#### [TASK]
Stopping at the line that holds "かわいらしいコゲラは桜の蜜を吸うそうですよ。", repeat the lines below exactly, starting from the very first and including that final line.
◆ ◆ ◆
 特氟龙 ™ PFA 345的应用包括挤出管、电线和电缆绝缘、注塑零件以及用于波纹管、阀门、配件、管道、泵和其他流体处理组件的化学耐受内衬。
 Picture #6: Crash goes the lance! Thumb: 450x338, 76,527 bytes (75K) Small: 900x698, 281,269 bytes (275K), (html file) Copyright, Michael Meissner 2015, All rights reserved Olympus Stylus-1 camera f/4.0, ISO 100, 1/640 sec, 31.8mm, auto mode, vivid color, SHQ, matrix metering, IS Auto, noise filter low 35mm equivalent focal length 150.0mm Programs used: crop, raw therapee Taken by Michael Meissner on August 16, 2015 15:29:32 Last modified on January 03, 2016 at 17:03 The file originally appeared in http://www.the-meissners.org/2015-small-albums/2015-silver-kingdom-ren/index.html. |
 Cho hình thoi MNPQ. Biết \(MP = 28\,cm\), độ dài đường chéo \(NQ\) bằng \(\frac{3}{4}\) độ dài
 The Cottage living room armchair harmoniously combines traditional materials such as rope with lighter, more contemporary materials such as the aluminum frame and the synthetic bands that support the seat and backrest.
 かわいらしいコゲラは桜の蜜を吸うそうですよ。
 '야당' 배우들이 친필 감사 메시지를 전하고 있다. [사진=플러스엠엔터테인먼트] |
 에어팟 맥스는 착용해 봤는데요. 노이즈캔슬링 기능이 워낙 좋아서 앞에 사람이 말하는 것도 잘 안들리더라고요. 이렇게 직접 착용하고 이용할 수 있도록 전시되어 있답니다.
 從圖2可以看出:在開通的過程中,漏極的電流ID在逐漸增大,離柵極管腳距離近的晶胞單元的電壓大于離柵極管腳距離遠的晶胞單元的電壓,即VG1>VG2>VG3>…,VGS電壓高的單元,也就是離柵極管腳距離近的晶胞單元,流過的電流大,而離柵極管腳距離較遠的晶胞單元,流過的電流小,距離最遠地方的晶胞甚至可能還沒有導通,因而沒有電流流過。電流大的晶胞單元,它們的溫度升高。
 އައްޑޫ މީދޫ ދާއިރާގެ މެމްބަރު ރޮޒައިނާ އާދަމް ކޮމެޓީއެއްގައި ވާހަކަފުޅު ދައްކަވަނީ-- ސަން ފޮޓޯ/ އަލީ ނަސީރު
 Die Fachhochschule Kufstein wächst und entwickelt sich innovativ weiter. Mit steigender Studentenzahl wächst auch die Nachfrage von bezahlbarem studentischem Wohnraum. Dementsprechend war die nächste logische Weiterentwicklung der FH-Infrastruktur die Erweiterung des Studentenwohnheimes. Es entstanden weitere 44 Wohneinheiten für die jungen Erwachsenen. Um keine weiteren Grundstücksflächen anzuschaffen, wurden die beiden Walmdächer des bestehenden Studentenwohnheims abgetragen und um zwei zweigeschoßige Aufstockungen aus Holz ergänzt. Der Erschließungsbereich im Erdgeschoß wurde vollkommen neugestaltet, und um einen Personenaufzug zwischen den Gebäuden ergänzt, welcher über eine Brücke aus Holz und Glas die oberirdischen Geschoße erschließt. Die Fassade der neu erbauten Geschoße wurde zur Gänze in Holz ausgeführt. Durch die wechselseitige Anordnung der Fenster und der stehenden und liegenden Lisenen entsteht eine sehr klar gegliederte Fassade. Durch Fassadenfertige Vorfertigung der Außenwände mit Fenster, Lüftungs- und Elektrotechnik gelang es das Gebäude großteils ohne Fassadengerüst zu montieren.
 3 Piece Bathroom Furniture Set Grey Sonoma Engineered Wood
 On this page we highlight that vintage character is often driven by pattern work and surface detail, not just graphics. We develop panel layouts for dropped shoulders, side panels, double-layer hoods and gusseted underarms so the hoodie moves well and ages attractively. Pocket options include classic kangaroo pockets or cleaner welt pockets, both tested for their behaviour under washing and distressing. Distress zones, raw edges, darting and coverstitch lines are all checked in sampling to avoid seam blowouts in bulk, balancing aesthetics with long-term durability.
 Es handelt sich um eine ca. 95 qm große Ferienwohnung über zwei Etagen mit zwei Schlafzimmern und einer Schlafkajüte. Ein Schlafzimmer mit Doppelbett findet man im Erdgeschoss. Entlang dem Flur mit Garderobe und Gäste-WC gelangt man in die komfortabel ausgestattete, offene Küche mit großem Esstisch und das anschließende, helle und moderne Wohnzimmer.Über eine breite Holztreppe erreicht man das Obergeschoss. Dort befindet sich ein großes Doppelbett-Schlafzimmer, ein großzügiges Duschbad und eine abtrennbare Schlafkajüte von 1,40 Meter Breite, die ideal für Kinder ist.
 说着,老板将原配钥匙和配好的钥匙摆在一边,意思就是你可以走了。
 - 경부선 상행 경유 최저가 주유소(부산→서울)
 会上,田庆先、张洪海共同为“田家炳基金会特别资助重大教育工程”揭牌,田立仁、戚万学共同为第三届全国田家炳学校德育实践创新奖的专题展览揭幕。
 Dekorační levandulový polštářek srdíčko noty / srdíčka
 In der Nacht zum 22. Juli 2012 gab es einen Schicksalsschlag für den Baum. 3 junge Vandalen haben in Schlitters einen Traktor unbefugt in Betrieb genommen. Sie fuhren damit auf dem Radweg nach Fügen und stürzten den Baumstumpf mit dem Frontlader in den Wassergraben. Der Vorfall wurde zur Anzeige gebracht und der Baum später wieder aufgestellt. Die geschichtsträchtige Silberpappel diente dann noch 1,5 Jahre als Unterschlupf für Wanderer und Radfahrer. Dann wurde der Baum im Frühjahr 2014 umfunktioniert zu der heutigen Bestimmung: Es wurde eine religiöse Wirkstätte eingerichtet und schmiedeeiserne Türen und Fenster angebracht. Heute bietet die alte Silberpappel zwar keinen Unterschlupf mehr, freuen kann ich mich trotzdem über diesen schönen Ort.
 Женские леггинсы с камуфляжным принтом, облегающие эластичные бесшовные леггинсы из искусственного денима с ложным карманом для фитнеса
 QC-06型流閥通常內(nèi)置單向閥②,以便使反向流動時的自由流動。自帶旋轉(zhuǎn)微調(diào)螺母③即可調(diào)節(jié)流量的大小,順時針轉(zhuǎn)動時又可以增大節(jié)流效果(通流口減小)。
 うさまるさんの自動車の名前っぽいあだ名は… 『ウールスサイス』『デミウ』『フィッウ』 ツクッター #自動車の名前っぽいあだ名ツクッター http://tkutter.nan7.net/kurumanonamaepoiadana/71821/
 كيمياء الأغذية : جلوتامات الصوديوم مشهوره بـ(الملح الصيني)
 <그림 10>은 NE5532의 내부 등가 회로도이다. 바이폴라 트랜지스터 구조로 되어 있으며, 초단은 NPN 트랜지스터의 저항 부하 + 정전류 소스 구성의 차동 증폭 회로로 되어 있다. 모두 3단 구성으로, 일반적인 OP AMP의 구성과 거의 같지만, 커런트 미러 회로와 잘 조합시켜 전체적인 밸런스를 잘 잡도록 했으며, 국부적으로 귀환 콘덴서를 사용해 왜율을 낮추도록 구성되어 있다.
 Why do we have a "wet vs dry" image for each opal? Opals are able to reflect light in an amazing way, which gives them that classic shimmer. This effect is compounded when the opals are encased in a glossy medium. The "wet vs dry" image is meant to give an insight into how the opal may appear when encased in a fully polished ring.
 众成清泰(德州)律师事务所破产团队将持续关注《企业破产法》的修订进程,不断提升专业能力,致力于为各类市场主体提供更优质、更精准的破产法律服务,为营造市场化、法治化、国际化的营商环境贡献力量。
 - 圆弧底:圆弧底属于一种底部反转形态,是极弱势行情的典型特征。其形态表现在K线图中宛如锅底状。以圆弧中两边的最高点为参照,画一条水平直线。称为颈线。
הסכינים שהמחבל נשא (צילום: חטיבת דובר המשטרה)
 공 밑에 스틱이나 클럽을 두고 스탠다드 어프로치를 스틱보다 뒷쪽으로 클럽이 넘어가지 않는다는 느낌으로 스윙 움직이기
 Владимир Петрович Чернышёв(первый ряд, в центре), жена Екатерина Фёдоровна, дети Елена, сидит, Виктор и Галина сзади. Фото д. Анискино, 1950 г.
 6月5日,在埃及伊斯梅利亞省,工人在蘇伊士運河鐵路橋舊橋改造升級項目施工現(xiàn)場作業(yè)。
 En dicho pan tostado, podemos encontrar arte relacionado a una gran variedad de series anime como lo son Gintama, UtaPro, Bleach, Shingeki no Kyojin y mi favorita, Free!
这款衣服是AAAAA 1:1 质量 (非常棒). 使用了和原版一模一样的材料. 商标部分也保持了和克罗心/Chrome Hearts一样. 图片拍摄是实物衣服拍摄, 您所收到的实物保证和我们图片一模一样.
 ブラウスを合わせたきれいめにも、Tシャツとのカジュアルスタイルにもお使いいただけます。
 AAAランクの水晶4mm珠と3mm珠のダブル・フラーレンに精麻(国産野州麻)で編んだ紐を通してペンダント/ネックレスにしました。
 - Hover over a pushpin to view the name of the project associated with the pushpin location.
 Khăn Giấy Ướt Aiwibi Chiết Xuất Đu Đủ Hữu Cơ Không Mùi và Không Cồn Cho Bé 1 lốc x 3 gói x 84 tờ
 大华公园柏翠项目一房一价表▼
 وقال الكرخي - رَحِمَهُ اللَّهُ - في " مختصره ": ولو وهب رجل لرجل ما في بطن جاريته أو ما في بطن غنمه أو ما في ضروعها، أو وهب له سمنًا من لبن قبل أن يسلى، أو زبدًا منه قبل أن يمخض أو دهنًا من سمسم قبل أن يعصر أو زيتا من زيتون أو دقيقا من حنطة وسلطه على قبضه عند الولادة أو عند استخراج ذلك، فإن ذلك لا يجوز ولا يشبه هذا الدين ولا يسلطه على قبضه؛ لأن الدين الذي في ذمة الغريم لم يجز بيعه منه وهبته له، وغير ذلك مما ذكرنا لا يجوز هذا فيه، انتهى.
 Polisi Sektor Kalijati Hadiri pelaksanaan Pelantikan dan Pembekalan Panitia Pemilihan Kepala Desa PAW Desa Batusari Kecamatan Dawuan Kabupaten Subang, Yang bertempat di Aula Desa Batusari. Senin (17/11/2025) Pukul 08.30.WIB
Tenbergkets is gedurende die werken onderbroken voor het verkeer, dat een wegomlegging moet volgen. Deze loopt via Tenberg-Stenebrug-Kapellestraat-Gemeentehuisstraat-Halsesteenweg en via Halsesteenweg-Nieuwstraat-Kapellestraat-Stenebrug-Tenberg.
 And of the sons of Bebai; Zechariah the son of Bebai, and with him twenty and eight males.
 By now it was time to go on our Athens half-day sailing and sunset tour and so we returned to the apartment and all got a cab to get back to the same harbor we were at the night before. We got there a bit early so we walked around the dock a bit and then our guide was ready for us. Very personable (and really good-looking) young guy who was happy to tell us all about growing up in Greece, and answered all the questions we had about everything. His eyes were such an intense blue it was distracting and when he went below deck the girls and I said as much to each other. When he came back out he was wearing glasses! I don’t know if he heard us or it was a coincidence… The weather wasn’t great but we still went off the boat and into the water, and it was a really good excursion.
◆ ◆ ◆
#### [RESPONSE TO THE TASK]
 特氟龙 ™ PFA 345的应用包括挤出管、电线和电缆绝缘、注塑零件以及用于波纹管、阀门、配件、管道、泵和其他流体处理组件的化学耐受内衬。
 Picture #6: Crash goes the lance! Thumb: 450x338, 76,527 bytes (75K) Small: 900x698, 281,269 bytes (275K), (html file) Copyright, Michael Meissner 2015, All rights reserved Olympus Stylus-1 camera f/4.0, ISO 100, 1/640 sec, 31.8mm, auto mode, vivid color, SHQ, matrix metering, IS Auto, noise filter low 35mm equivalent focal length 150.0mm Programs used: crop, raw therapee Taken by Michael Meissner on August 16, 2015 15:29:32 Last modified on January 03, 2016 at 17:03 The file originally appeared in http://www.the-meissners.org/2015-small-albums/2015-silver-kingdom-ren/index.html. |
 Cho hình thoi MNPQ. Biết \(MP = 28\,cm\), độ dài đường chéo \(NQ\) bằng \(\frac{3}{4}\) độ dài
 The Cottage living room armchair harmoniously combines traditional materials such as rope with lighter, more contemporary materials such as the aluminum frame and the synthetic bands that support the seat and backrest.
 かわいらしいコゲラは桜の蜜を吸うそうですよ。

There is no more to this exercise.